Ruang kerja sebastian di dominasi warna gelap. tetap teras klasik dengan beberapa lukisan abstrak yang menempel di dinding ruangan.

"Kenapa Kamu menolak kartu yang di berikan Smith?" jawab Sebastian dengan pertanyaan. Baju tidur berwarna putih yang terbuat dari sutra membuat tubuh mungil Anna begitu menggoda bagi Sebastian. Apalagi rambut yang di sanggul asal menampilkan leher mulus yang membuat Sebastian ingin menghujaminya dengan ciuman.

"Apa karena itu?" tanya Anna tak percaya, "Aku tidak harus selalu mengikuti apa yang Kamu mau, Aku punya pilihan. Kamu harus menghormati keputusanku."

"Begitukah? Apa Kamu pernah menghormati keputusanku?" Sebastian duduk di kursi kerja dengan tangan di lipat kedada. Ia menatap Anna yang saat ini ada di hadapannya, jarak mereka hanya terpisah oleh meja kerja Sebastian.

"Annaya apa harus dengan cara lain Aku mengingatkan statusmu? Aku pikir Kamu bukan wanita yang bodoh untuk tidak bisa memahami maksudku." Anna yang mendengar itu menjadi resah karena ia cukup tau arti dari ucapan pria ini.
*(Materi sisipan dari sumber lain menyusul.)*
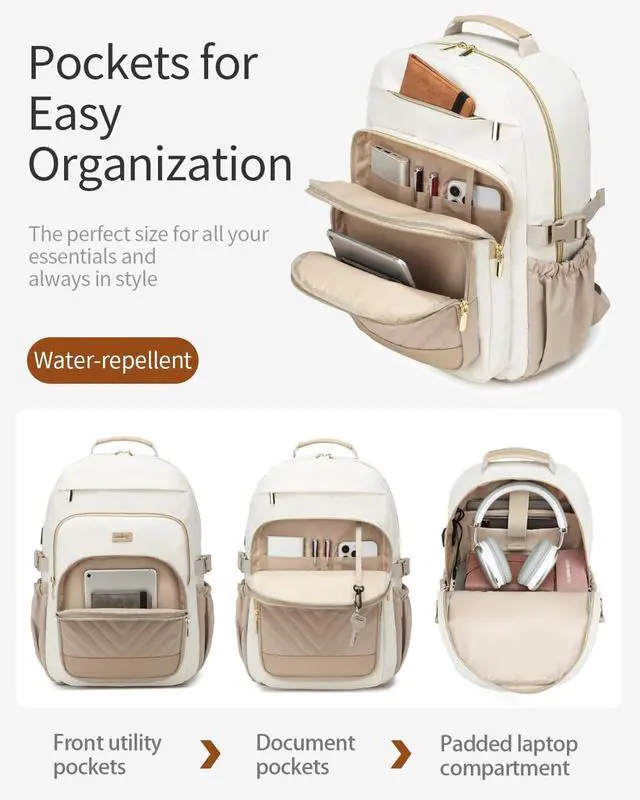 Pockets: Practical Backpack with 5 zipper compartments and 14 pockets help keep items organized, from electronic and binders to smaller essentials like pens and keys ^^ Work Bag with

"Tapi bukan berarti Kamu bisa bertindak seenaknya, dengan memblokir semua kartuku."

"Aku bisa bertindak lebih dari itu." Dengan tegas Sebastian membalas ucapan Anna.

"Bisakah Kita menjalani hari tanpa ikut campur urusan satu sama lain?" tanya Anna.

"Tidak bisa," jawab Sebastian tenang.

"Gunakan kartu itu untuk keperluanmu selanjutnya, jika berani melawan lagi maka Kamu akan lihat hal mengerikan apa yang bisa Aku lakukan."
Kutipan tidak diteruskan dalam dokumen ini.